The TiVo comes already activated from TiVo, you don't have to do anything to activate the new TiVo from TiVo-inc. So you can't just sell the TiVo you just got unactivated even if you never opened the box. How could sell one TiVo for more than you paid if you have to purchase another from Best Buy
Example: Best Buy TiVo cost $199 + $299 for lifetime = $500 (if you getting the offer from TiVo you must have a qualifying TiVo so you will get the $299 Lifetime Price.)
From TiVo-inc. the TiVo cost $299 + $199 for Lifetime =$500


----------



## aaronwt (Jan 31, 2002)

lessd said:


> The TiVo comes already activated from TiVo, you don't have to do anything to activate the new TiVo from TiVo-inc. So you can't just sell the TiVo you just got unactivated even if you never opened the box. How could sell one TiVo for more than you paid if you have to purchase another from Best Buy
> Example: Best Buy TiVo cost $199 + $299 for lifetime = $500 (if you getting the offer from TiVo you must have a qualifying TiVo so you will get the $299 Lifetime Price.)
> From TiVo-inc. the TiVo cost $299 + $199 for Lifetime =$500


As long as you activate the box from BestBuy before you sell the box from TiVo, it should work.


----------



## t1voproof (Feb 6, 2010)

Amazon must have sold out, only 3rd party sellers now.


----------



## crxssi (Apr 5, 2010)

t1voproof said:


> Amazon must have sold out, only 3rd party sellers now.


Don't you think that was the first thing we checked?

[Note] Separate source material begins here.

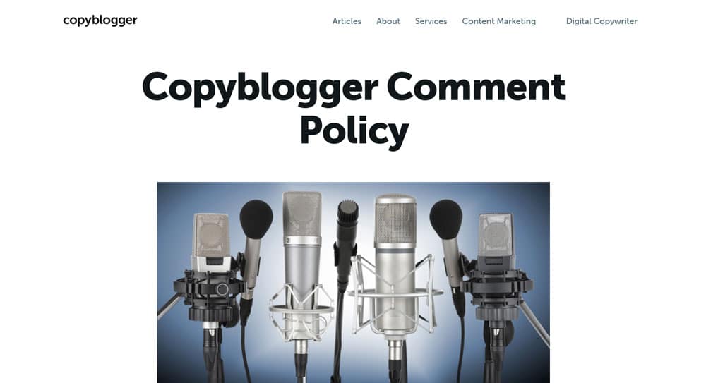 The Copyblogger blog also have their own dedicated page for the comment policy and link to it from the site footer. Here’s the gist of what it says:

No, it has nothing to do with 3rd party sellers.

"Price: $262.69 & this item ships for FREE with Super Saver Shipping. In Stock. Ships from and sold by Amazon.com."


----------



## dgbarnes (Apr 16, 2003)

Find a friend who is a Best Buy Premiere Silver Rewards member, and through August 31st, they can buy a TiVo Premier for $199 with three-months free service. I just bought two. You activate when you get home so you could buy them for anyone.


----------